** Opening Supplied material block **

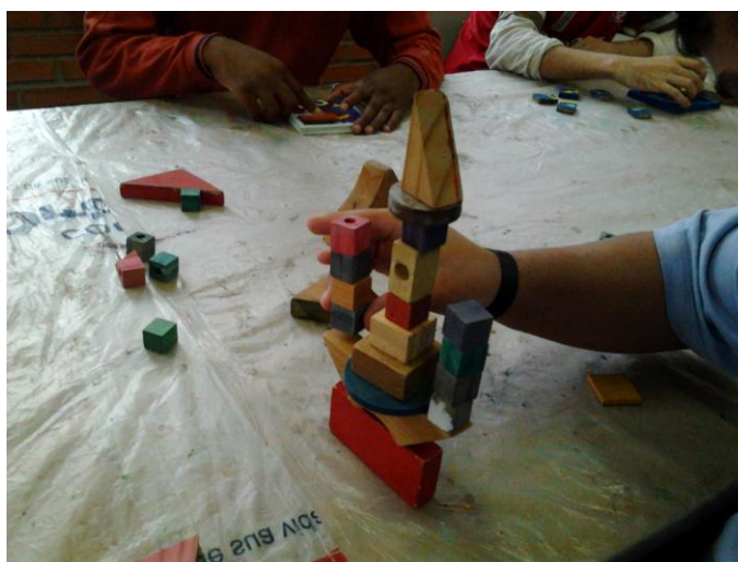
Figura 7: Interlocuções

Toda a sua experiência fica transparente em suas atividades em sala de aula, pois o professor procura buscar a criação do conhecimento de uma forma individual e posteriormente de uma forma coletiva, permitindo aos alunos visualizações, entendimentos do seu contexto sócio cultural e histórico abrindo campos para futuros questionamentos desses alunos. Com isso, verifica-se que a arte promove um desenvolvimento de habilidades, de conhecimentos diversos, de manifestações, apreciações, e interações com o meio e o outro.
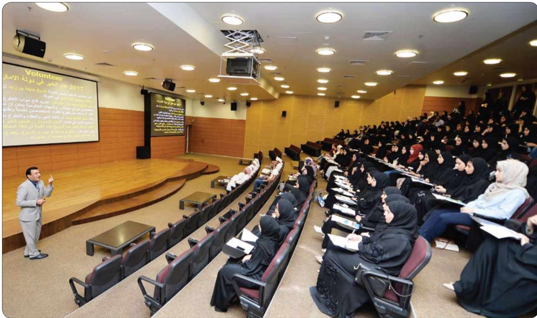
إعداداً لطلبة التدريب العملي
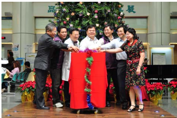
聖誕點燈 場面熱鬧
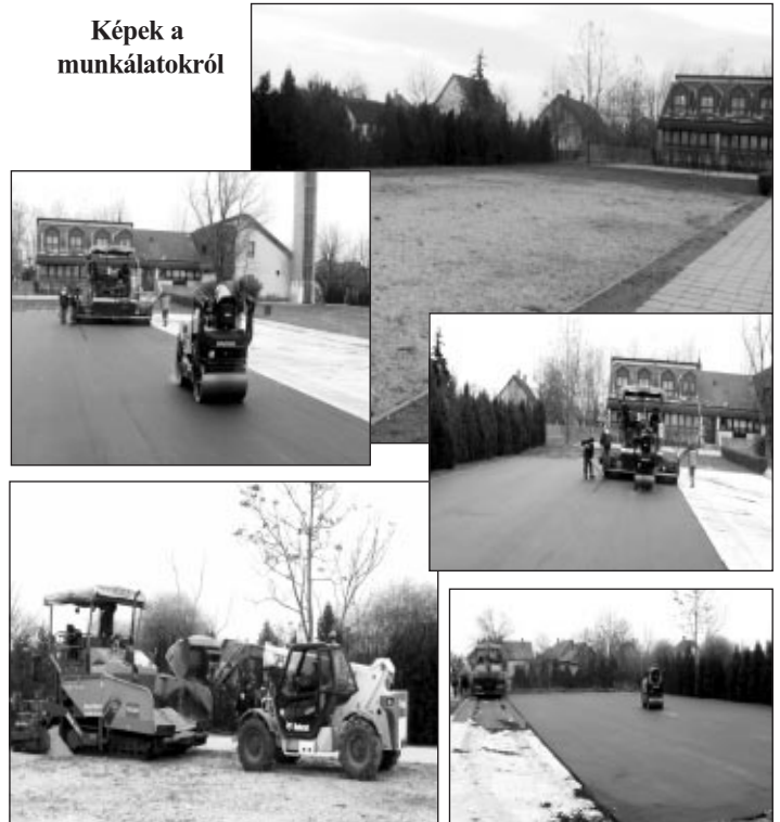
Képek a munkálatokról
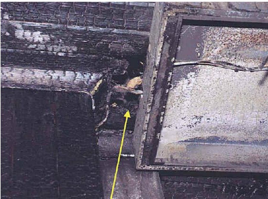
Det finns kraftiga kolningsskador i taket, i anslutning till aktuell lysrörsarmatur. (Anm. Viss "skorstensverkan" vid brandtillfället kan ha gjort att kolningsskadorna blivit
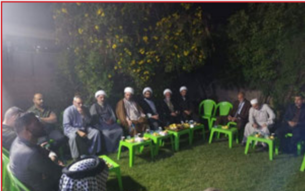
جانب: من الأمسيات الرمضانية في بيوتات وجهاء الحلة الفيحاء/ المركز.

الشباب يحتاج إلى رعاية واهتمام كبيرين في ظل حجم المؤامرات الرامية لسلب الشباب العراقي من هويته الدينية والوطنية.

** Closing Supplied material block **

About this exercise - The answer must consist of the line containing "Det finns kraftiga" and every line after it through the end of the records, retyped exactly, with all pictures left out.

Written response -
Det finns kraftiga kolningsskador i taket, i anslutning till aktuell lysrörsarmatur. (Anm. Viss "skorstensverkan" vid brandtillfället kan ha gjort att kolningsskadorna blivit
جانب: من الأمسيات الرمضانية في بيوتات وجهاء الحلة الفيحاء/ المركز.

الشباب يحتاج إلى رعاية واهتمام كبيرين في ظل حجم المؤامرات الرامية لسلب الشباب العراقي من هويته الدينية والوطنية.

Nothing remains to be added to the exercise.